Mantan Dirut PT BSP Ungkap Dugaan Korupsi dan Pencucian Uang

"Saya mau ditempatkan di BOBCPP karena saya orang yang ikut memimpin pembentukan BOBCPP menyadari ditahap awal sulit mendapatkan pekerja para professional perminyakan," jelasnya.
"Tentu tidak bijak kalau saya tinggalkan begitu saja. Blok CPP asset strategis negara dan kebanggaan daerah Riau. Selain itu saya juga menunggu realisasi janji akan menyelesaikan secara musyawarah kekeluargaan pemberhentian saya sebagai Dirut PT BSP," jelasnya.

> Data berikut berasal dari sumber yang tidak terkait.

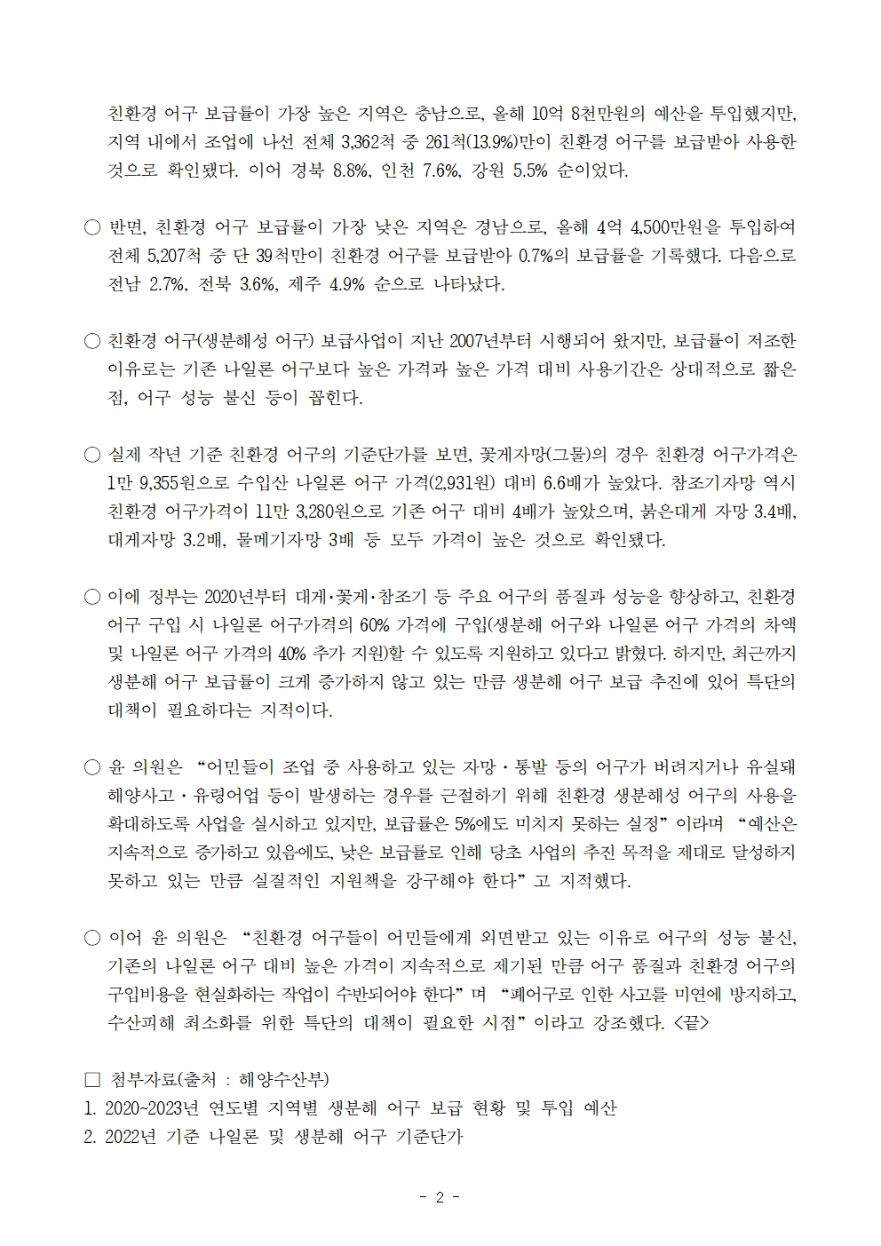231019 [윤준병 의원 국정감사 보도자료] 윤준병 의원 친환경어구 207억 투입해도 보급률 제자리.hwp

Bekerja di BOBCPP gaji dan remunerasi sepenuhnya masuk dalam lifting cost yang dibayar (diganti/cost recovery) oleh SKK-Migas. Tidak ada uang PT BSP atau Pertamina yang menggaji.
Yang mesti dipertanyakan adalah Arwin AS ketika menjabat Bupati Siak menjadi Komisaris Utama PT BSP, juga selama kurang lebih 7 tahun menjadi anggota JMC BOBCPP bergaji miliaran rupiah per tahun dan berbagai remunerasi.
"Itu sepenuhnya dibebankan kepada SKK-Migas (cost recovery)," kata Nawasir.
Padahal menurut UU No. 22/1999 tentang Pemda Arwin (Bupati Siak saat itu) TERLARANG turut serta dalam perusahaan/yayasan bidang apapun dan karena itu patut diduga Arwin telah melakukan perbuatan korupsi dan pencucian uang. Aparat hukum sebenarnya tidak sulit mengusutnya dan memeriksanya sekarang juga.
Pada 2003 Azaly Djohan dan Ramlan Comel dibantu Said Chaidir ketahuan menggelapkan (korupsi) dana PT BSP. Akibatnya kasus korupsi Azaly dan Ramlan yang diputus hukuman 2 tahun penjara di PN Pekanbaru.
"Walau kemudian diputus bebas oleh MA, Azaly Djohan dan Ramlan Comel diberhentikan sebagai Direktur PT BSP dan JMC BOBCPP. Kita tahu Ramlan Comel wafat di penjara Sukamiskin Bandung sebagai napi koruptor," jelas Nawasir.